### Task prompt:
Please write out every line of the material, leaving out any picture.

### Recorded information:
_ _ _ _ _

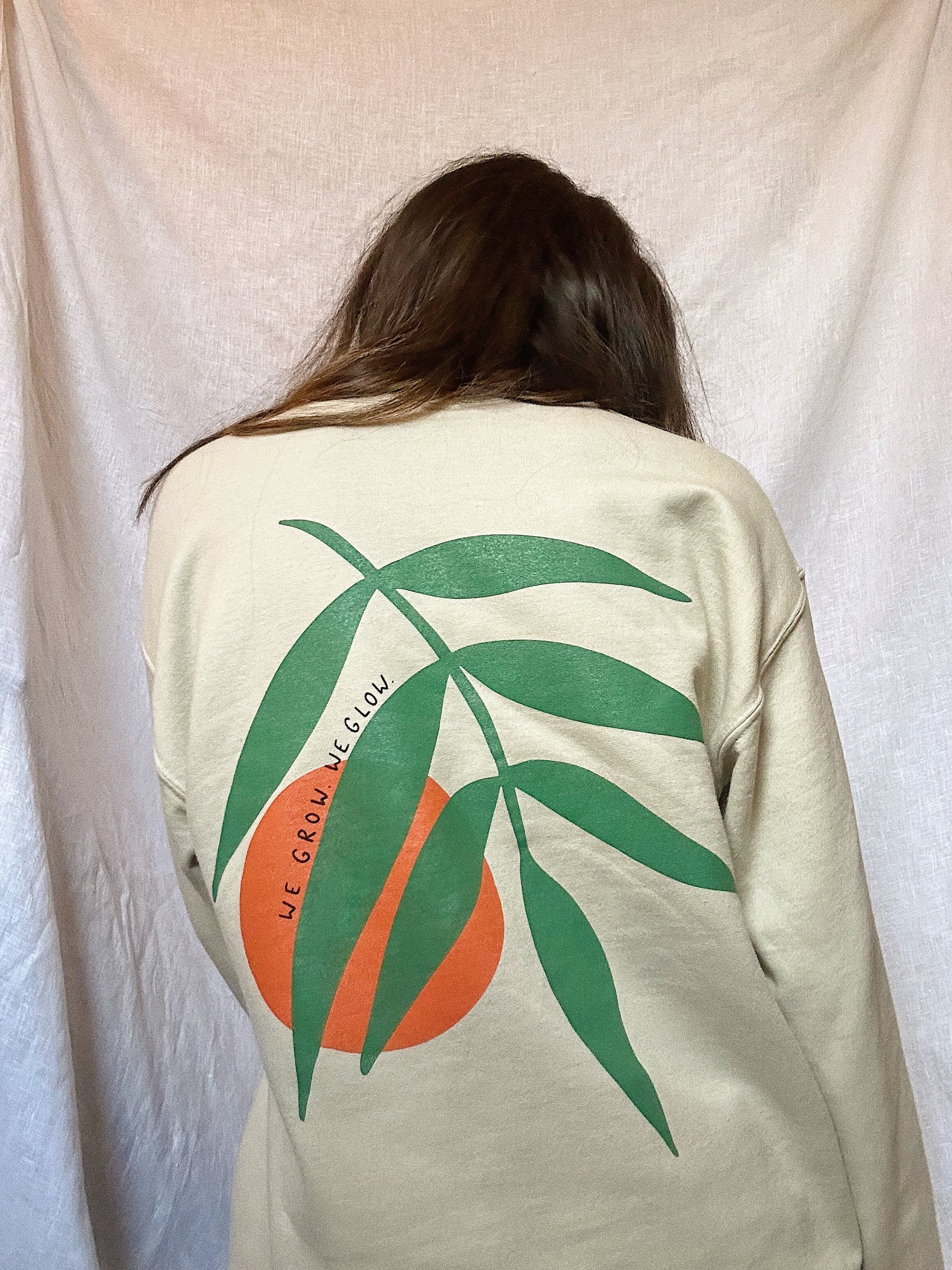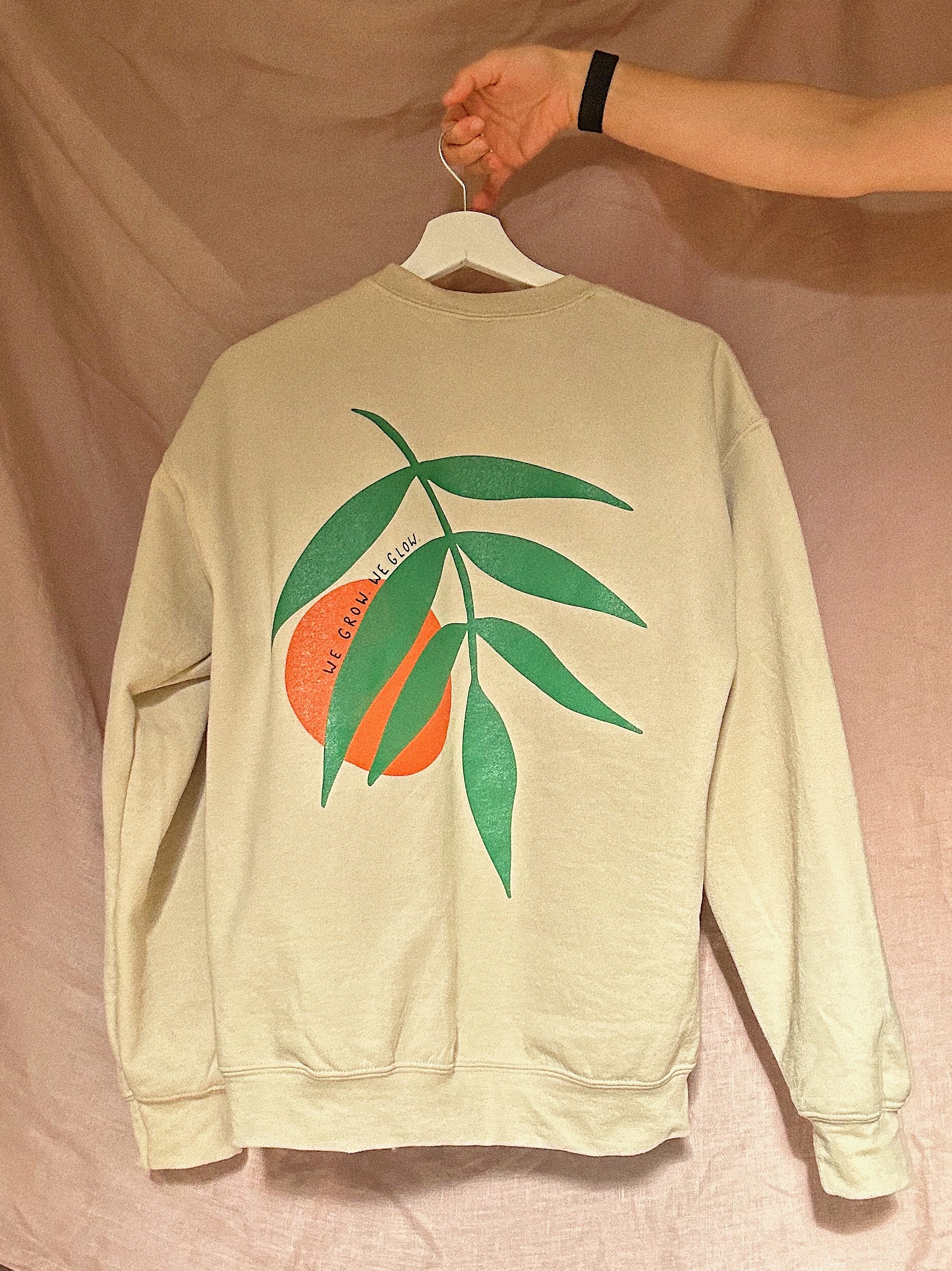 We grow, We glow. A cute, cosy concept that just fitted well on an equally cosy and cute jumper. A pop of colour to brighten your day with a positive message.
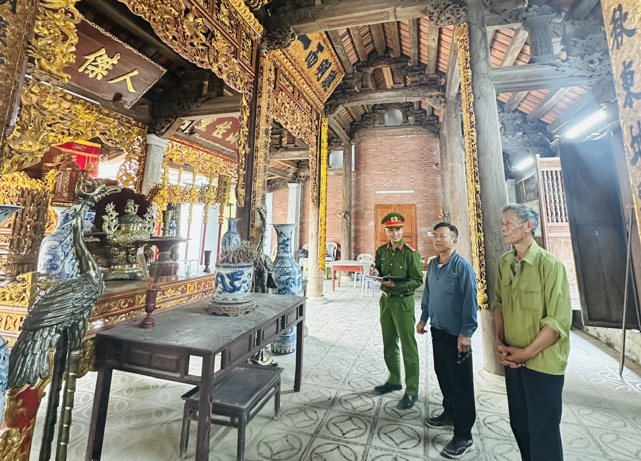 Cán bộ chiến sỹ Công an xã kiểm tra, hướng dẫn công tác bảo đảm an ninh trật tự tại đình Đông Linh
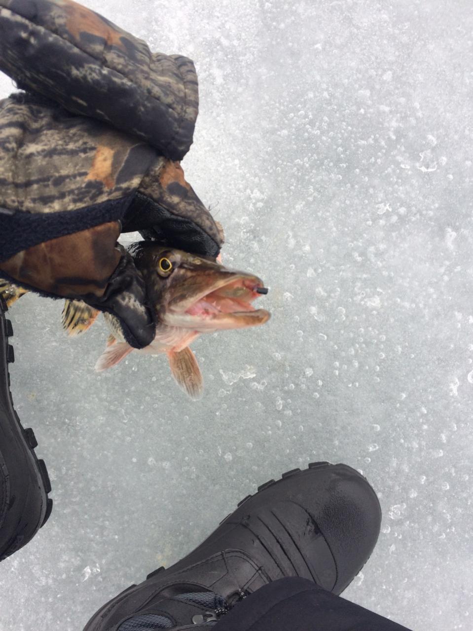 Ветер конечно жесткий играть чертом получалось плохо. Теперь по клеву если рыба есть под лункой, то почти сразу с первой проводки поклевка, но высоко не ниже 40-50 см от дна. Очень много судачков один влетел почти зачетный около полкилограмма мелкие же берут настолько жадно, что без приспособления черта не достать.
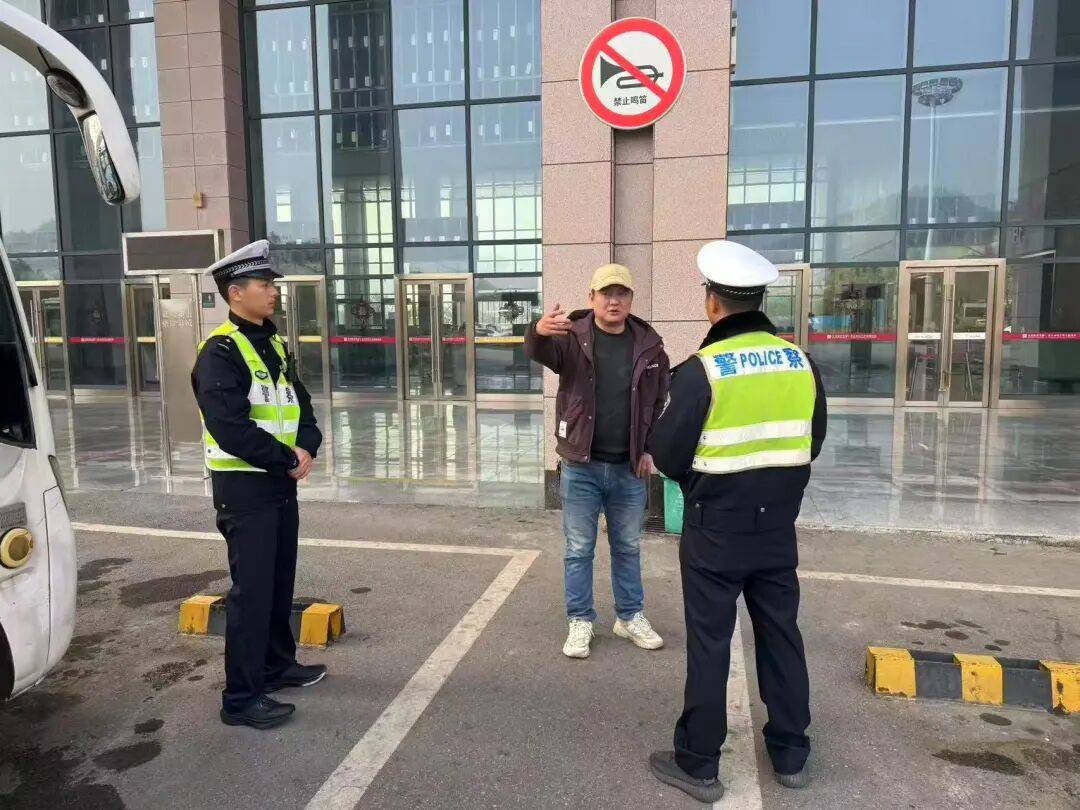 ▲黄石交警走访辖区内国栋运输公司、黄石客运枢纽站,向工作人员强调车辆行驶安全。

_ _ _ _ _

### Result of this task:
 We grow, We glow. A cute, cosy concept that just fitted well on an equally cosy and cute jumper. A pop of colour to brighten your day with a positive message.
 Cán bộ chiến sỹ Công an xã kiểm tra, hướng dẫn công tác bảo đảm an ninh trật tự tại đình Đông Linh
 Ветер конечно жесткий играть чертом получалось плохо. Теперь по клеву если рыба есть под лункой, то почти сразу с первой проводки поклевка, но высоко не ниже 40-50 см от дна. Очень много судачков один влетел почти зачетный около полкилограмма мелкие же берут настолько жадно, что без приспособления черта не достать.
 ▲黄石交警走访辖区内国栋运输公司、黄石客运枢纽站,向工作人员强调车辆行驶安全。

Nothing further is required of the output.